[Records from a collection]
□ □ □ □

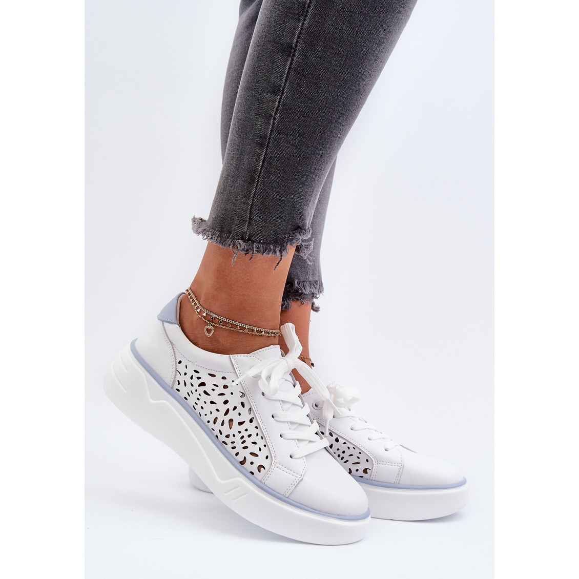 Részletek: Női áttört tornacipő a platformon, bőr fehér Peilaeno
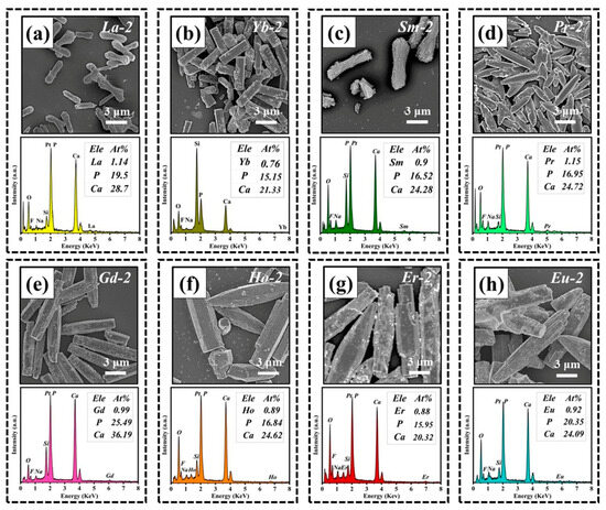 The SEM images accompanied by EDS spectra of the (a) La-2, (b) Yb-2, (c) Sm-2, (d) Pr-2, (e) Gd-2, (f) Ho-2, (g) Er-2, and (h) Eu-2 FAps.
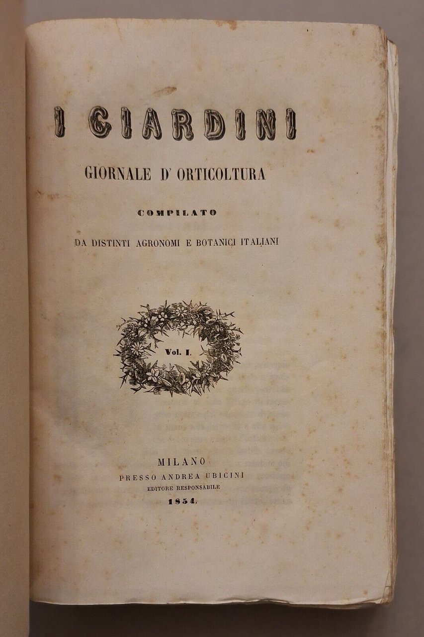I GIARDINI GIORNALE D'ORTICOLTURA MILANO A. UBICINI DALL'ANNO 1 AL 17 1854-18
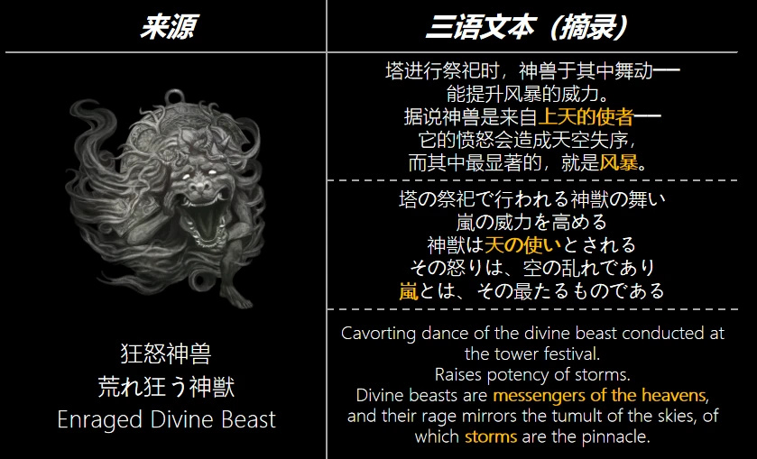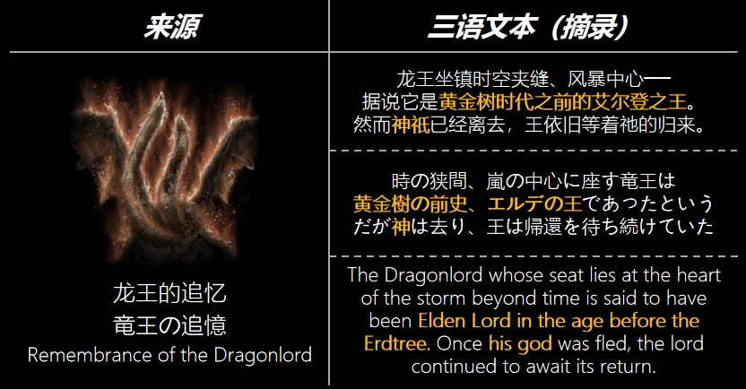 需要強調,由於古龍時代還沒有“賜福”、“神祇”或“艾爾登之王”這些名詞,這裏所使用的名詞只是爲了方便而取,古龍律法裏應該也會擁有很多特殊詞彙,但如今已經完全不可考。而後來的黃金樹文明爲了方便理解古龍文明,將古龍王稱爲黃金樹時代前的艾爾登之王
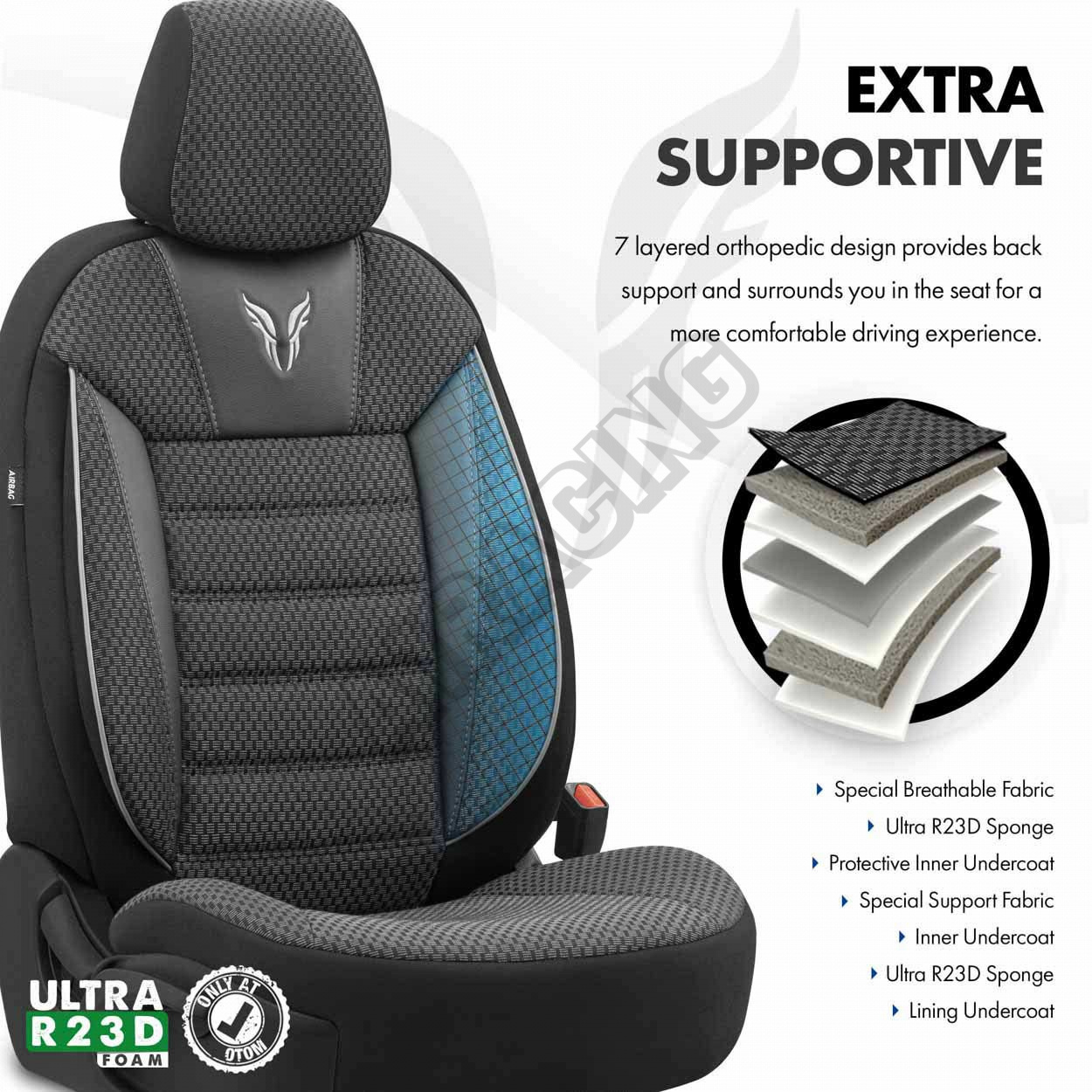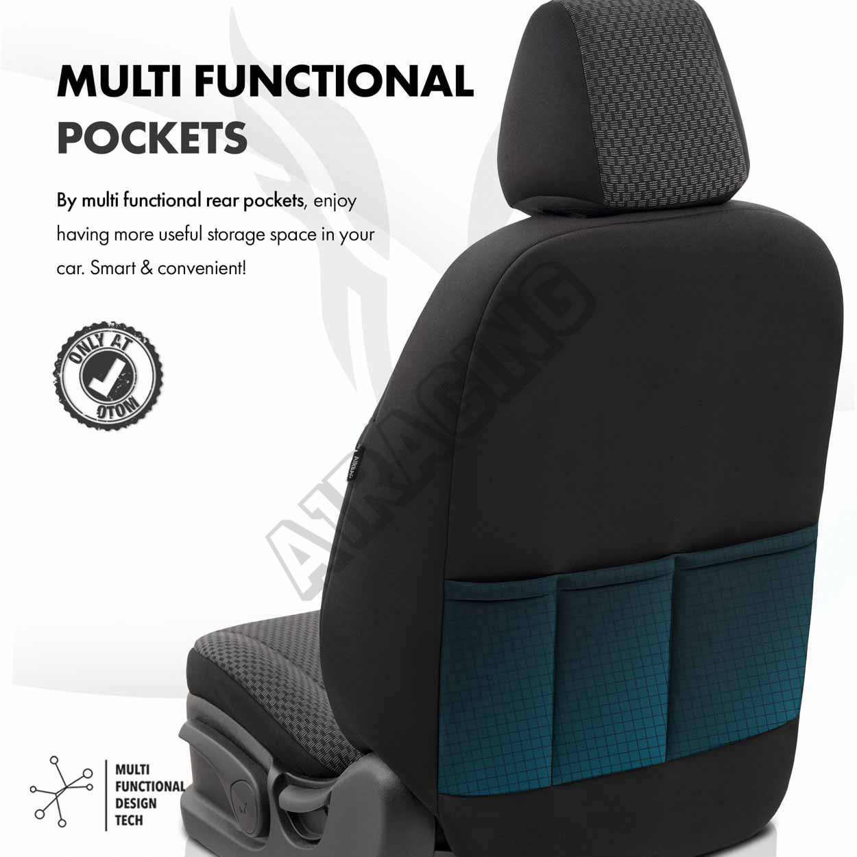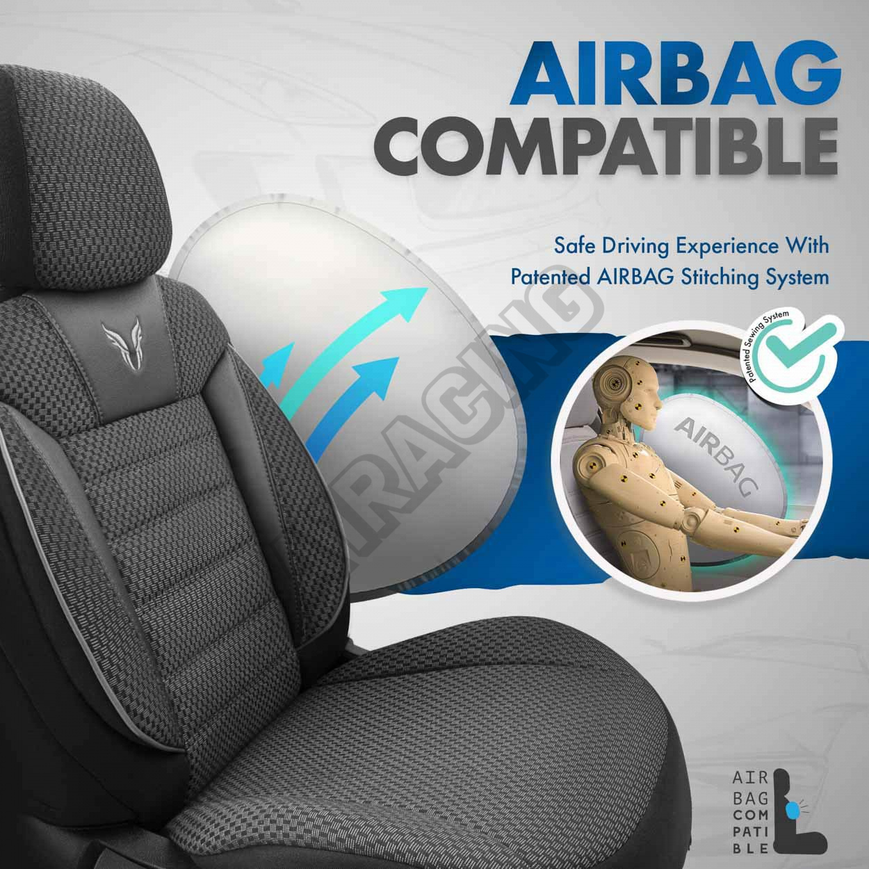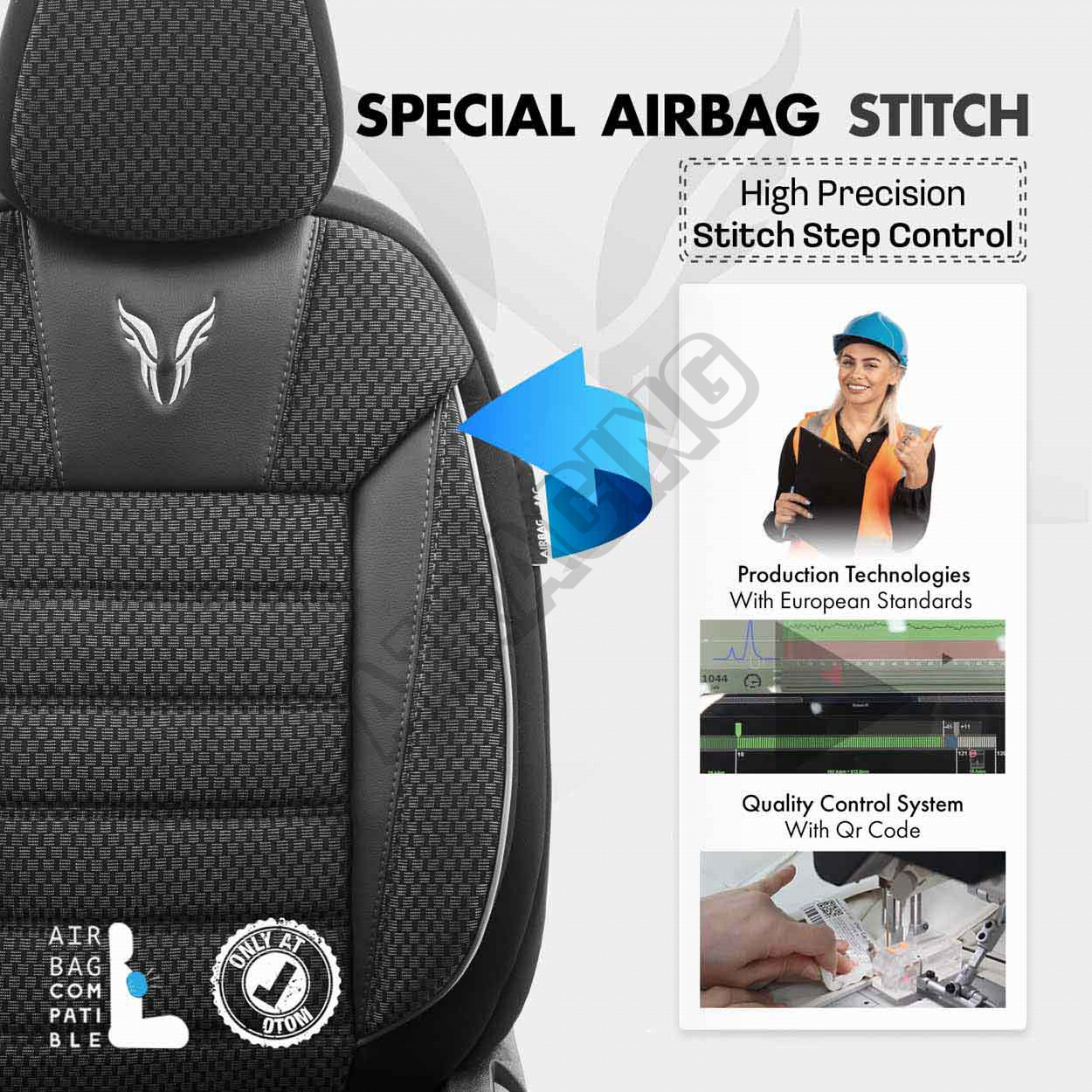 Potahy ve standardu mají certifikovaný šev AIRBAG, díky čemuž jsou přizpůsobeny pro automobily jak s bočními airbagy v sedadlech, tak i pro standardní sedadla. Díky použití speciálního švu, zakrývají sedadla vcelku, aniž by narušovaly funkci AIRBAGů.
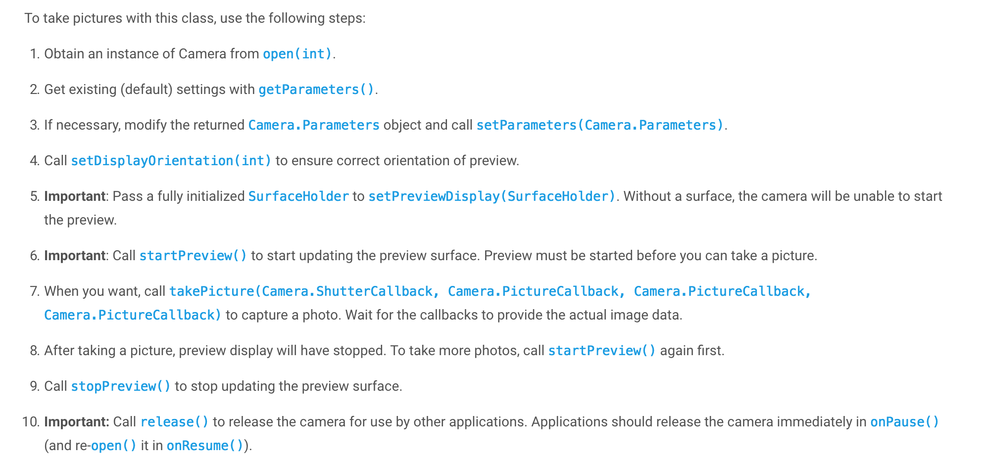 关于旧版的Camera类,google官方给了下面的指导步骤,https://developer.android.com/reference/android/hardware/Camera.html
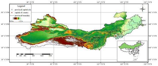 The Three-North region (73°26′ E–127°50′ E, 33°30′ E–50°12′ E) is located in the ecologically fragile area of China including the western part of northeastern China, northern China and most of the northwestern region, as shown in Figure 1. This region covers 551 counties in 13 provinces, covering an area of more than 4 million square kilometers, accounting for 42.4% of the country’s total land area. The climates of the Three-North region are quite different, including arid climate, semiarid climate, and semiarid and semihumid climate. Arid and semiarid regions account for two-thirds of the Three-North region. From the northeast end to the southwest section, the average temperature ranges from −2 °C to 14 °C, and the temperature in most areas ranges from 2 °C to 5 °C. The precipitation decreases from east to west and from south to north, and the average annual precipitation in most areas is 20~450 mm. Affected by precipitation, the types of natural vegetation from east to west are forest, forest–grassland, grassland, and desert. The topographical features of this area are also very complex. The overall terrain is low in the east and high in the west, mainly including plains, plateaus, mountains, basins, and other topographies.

□ □ □ □

*Exercise:* The response must match the data line for line, from its first line through the line with "关于旧版的Camera类,g", inclusive, and must leave out the pictures.

*Written answer:*
 Részletek: Női áttört tornacipő a platformon, bőr fehér Peilaeno
 The SEM images accompanied by EDS spectra of the (a) La-2, (b) Yb-2, (c) Sm-2, (d) Pr-2, (e) Gd-2, (f) Ho-2, (g) Er-2, and (h) Eu-2 FAps.
I GIARDINI GIORNALE D'ORTICOLTURA MILANO A. UBICINI DALL'ANNO 1 AL 17 1854-18
 需要強調,由於古龍時代還沒有“賜福”、“神祇”或“艾爾登之王”這些名詞,這裏所使用的名詞只是爲了方便而取,古龍律法裏應該也會擁有很多特殊詞彙,但如今已經完全不可考。而後來的黃金樹文明爲了方便理解古龍文明,將古龍王稱爲黃金樹時代前的艾爾登之王
 Potahy ve standardu mají certifikovaný šev AIRBAG, díky čemuž jsou přizpůsobeny pro automobily jak s bočními airbagy v sedadlech, tak i pro standardní sedadla. Díky použití speciálního švu, zakrývají sedadla vcelku, aniž by narušovaly funkci AIRBAGů.
 关于旧版的Camera类,google官方给了下面的指导步骤,https://developer.android.com/reference/android/hardware/Camera.html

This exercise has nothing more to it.